■ What you will do ■
Could you print the stretch of lines below from the one with "Основными логическими операциями" through the one with "Für das neue", exactly as they stand and without any pictures?

■ Data under study ■
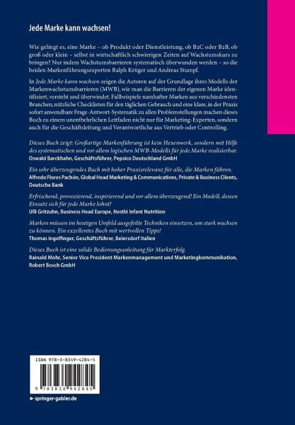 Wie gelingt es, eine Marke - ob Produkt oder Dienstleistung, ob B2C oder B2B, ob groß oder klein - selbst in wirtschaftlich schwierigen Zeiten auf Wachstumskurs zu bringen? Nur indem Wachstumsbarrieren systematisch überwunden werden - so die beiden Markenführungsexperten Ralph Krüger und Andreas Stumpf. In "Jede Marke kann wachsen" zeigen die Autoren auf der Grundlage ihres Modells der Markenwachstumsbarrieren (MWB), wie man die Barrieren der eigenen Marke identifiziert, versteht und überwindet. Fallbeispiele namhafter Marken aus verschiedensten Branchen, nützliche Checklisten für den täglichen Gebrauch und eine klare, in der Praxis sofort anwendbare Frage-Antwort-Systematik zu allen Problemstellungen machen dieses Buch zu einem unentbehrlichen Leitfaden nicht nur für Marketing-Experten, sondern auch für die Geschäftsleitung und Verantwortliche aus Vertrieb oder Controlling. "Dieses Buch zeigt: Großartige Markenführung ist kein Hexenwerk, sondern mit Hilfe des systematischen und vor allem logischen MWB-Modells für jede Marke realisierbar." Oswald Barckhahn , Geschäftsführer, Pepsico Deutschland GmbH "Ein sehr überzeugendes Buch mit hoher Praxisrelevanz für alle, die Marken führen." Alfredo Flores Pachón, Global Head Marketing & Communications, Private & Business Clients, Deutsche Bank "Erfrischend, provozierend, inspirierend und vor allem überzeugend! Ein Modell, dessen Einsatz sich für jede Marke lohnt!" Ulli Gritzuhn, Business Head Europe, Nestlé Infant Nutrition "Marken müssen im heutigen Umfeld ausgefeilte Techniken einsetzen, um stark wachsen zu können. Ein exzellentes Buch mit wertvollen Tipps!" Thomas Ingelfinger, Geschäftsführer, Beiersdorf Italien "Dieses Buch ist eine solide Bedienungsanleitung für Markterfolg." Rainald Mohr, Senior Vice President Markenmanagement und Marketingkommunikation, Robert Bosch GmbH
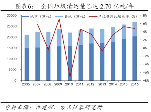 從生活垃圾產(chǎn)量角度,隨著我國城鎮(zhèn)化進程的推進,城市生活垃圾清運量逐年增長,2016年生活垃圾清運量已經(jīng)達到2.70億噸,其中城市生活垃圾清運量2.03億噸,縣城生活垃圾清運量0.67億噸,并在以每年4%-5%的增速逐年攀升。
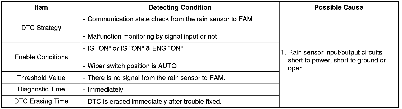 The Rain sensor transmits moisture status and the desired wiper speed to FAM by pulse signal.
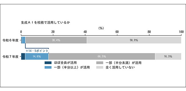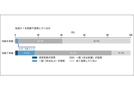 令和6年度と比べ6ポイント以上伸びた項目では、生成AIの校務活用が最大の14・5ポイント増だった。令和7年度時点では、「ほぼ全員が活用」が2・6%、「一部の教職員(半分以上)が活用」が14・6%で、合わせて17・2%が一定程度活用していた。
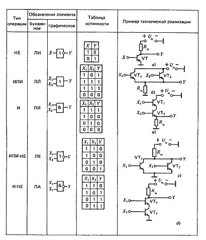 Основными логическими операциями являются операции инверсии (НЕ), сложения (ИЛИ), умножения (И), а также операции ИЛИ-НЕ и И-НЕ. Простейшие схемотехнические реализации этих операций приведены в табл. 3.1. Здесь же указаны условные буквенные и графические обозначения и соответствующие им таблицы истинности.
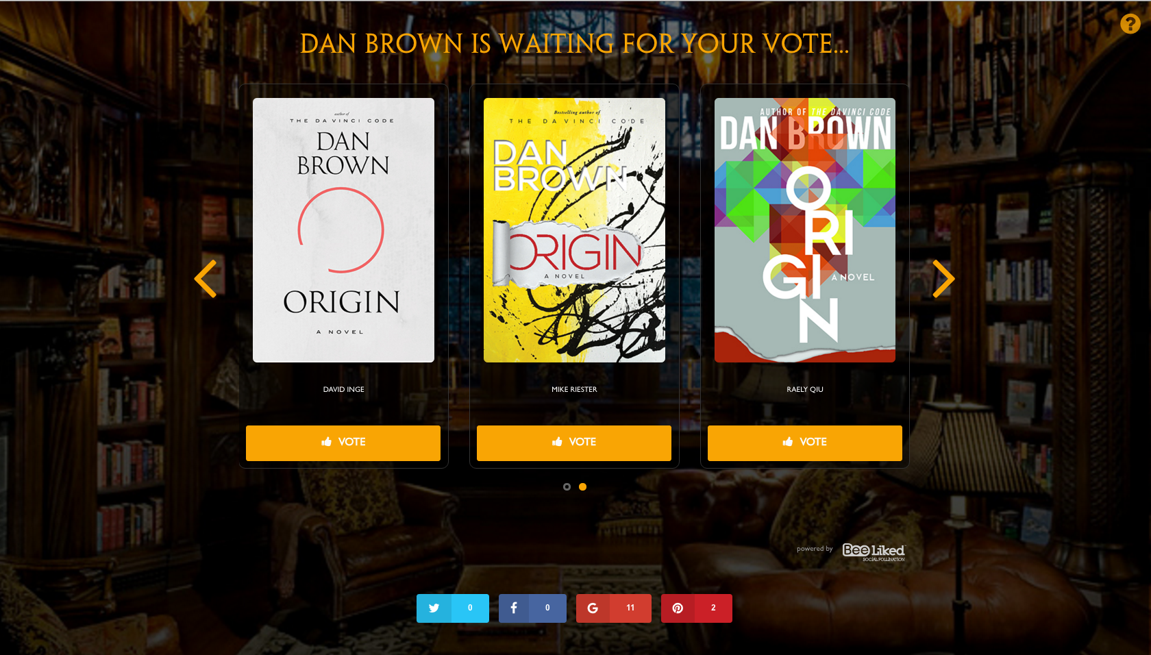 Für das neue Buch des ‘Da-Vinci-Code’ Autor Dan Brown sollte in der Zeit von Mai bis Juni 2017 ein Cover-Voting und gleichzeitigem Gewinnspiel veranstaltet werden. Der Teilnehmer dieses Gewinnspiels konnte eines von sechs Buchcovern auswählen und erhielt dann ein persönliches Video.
...
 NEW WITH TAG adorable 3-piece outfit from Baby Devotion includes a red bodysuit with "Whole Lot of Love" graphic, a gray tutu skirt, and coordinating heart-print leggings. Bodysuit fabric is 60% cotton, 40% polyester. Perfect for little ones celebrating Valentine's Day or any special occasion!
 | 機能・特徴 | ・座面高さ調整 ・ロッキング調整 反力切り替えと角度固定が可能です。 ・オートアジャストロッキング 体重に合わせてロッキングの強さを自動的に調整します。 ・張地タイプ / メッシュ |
...
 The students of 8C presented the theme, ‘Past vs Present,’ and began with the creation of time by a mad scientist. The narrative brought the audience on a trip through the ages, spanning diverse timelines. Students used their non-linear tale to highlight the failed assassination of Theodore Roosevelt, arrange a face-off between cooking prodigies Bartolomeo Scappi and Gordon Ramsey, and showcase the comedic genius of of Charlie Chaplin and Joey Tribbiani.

■ Answer box ■
 Основными логическими операциями являются операции инверсии (НЕ), сложения (ИЛИ), умножения (И), а также операции ИЛИ-НЕ и И-НЕ. Простейшие схемотехнические реализации этих операций приведены в табл. 3.1. Здесь же указаны условные буквенные и графические обозначения и соответствующие им таблицы истинности.
 Für das neue Buch des ‘Da-Vinci-Code’ Autor Dan Brown sollte in der Zeit von Mai bis Juni 2017 ein Cover-Voting und gleichzeitigem Gewinnspiel veranstaltet werden. Der Teilnehmer dieses Gewinnspiels konnte eines von sechs Buchcovern auswählen und erhielt dann ein persönliches Video.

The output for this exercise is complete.